● **TASK REQUIREMENTS**: Would you set down the data that follows, word for word, without any pictures?

● **DATASET EXTRACT**:
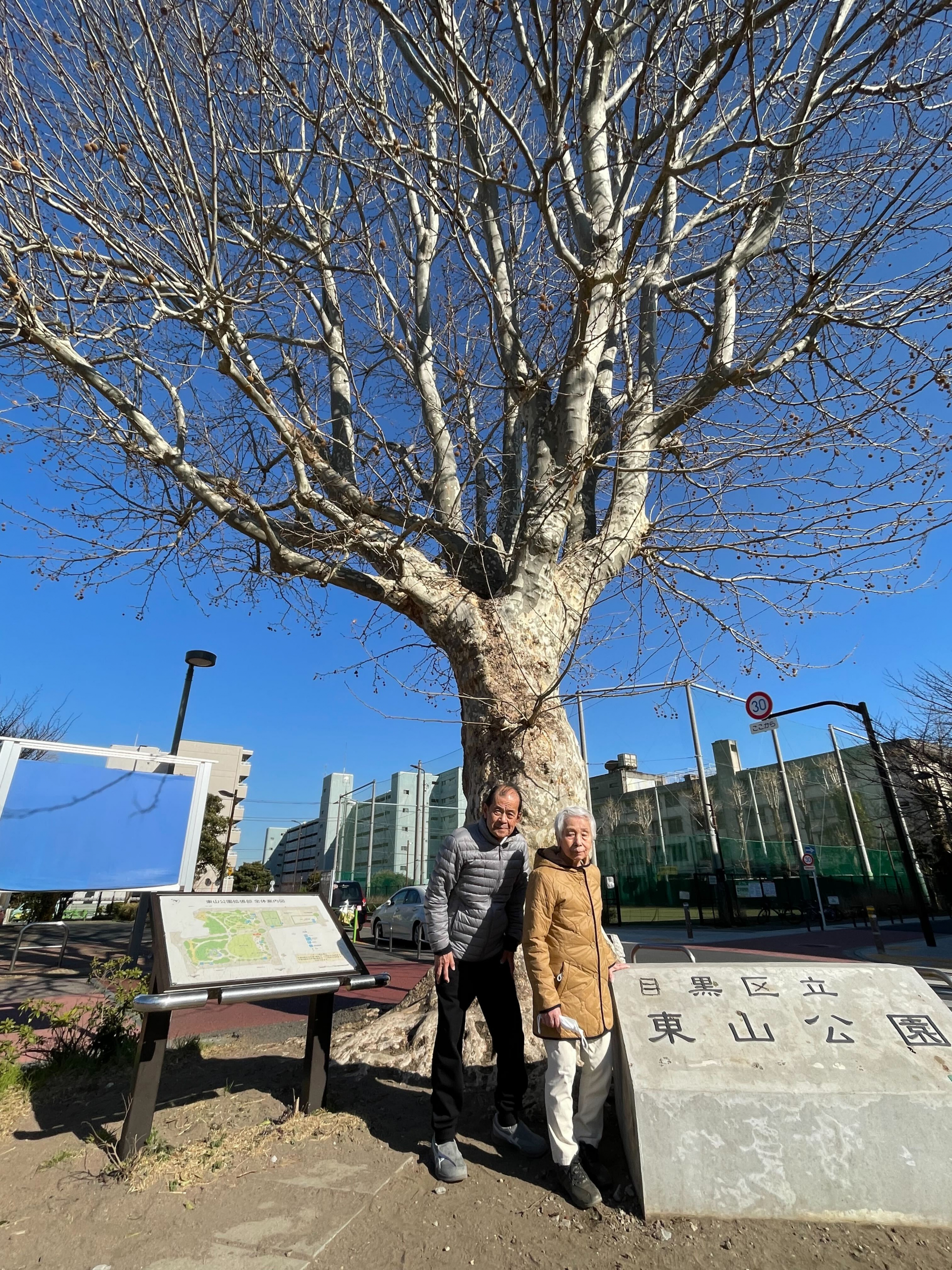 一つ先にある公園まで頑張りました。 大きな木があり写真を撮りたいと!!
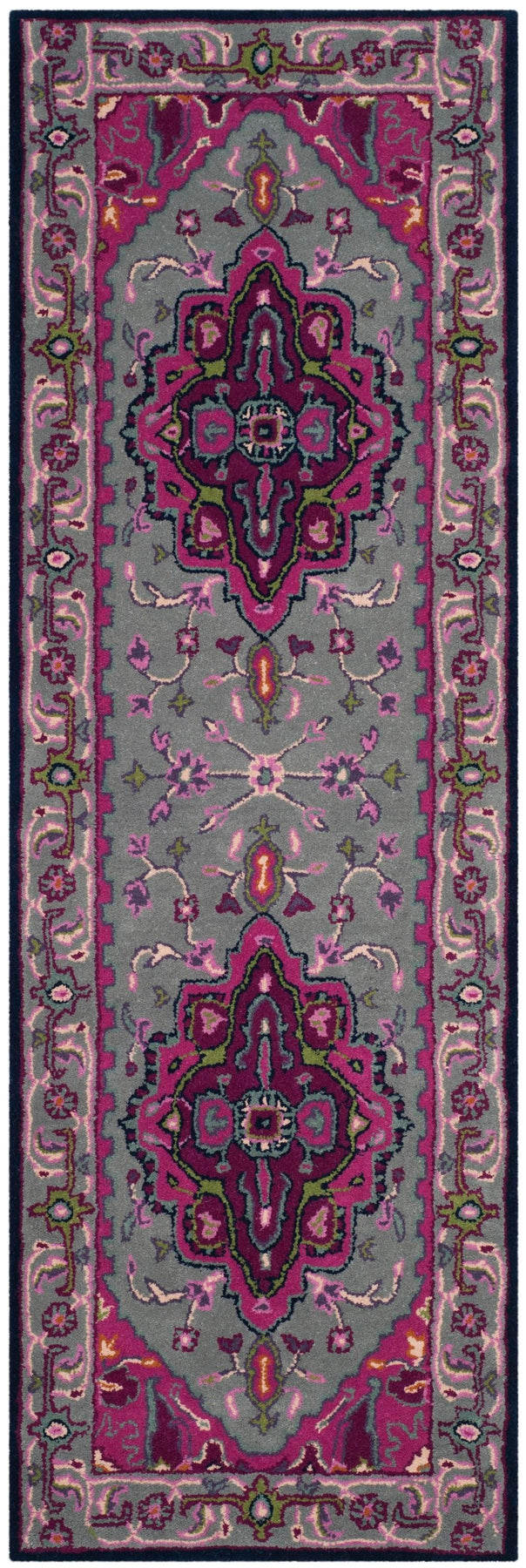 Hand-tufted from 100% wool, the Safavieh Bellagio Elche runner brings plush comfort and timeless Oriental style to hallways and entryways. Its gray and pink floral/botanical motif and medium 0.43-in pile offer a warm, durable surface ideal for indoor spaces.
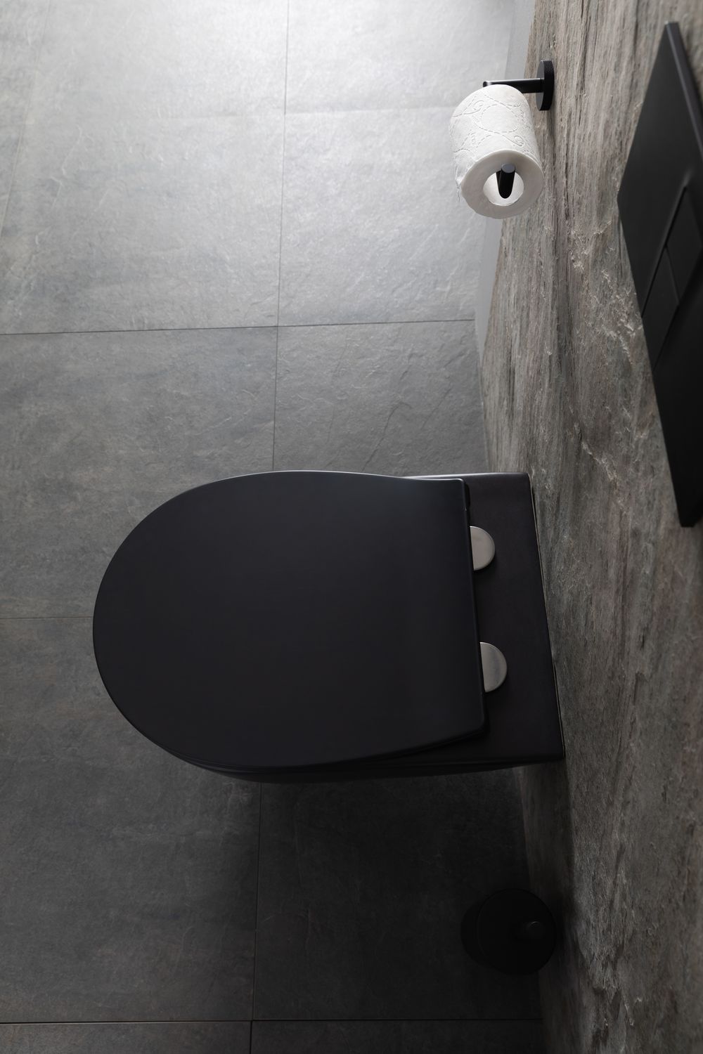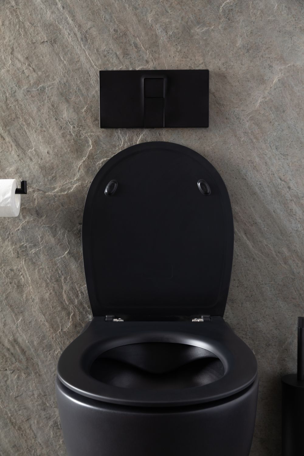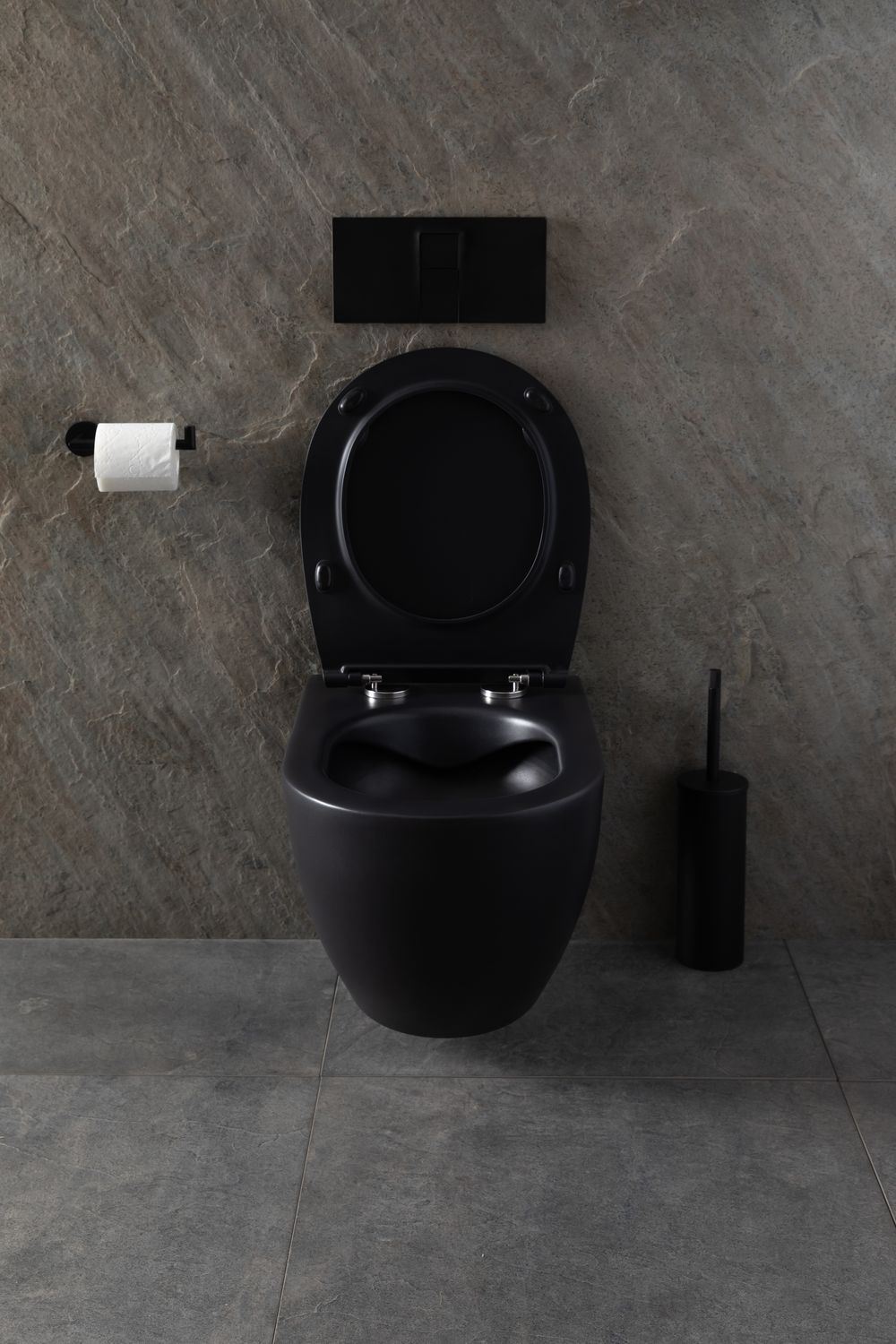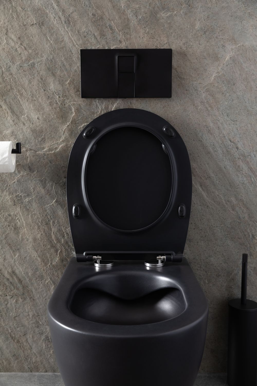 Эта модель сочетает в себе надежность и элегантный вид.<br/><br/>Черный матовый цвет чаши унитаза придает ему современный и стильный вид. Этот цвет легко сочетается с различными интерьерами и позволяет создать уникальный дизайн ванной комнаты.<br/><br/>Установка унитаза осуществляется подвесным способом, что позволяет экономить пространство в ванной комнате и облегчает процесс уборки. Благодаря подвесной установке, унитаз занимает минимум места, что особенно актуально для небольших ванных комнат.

● **YOUR SOLUTION**:
 一つ先にある公園まで頑張りました。 大きな木があり写真を撮りたいと!!
 Hand-tufted from 100% wool, the Safavieh Bellagio Elche runner brings plush comfort and timeless Oriental style to hallways and entryways. Its gray and pink floral/botanical motif and medium 0.43-in pile offer a warm, durable surface ideal for indoor spaces.
 Эта модель сочетает в себе надежность и элегантный вид.<br/><br/>Черный матовый цвет чаши унитаза придает ему современный и стильный вид. Этот цвет легко сочетается с различными интерьерами и позволяет создать уникальный дизайн ванной комнаты.<br/><br/>Установка унитаза осуществляется подвесным способом, что позволяет экономить пространство в ванной комнате и облегчает процесс уборки. Благодаря подвесной установке, унитаз занимает минимум места, что особенно актуально для небольших ванных комнат.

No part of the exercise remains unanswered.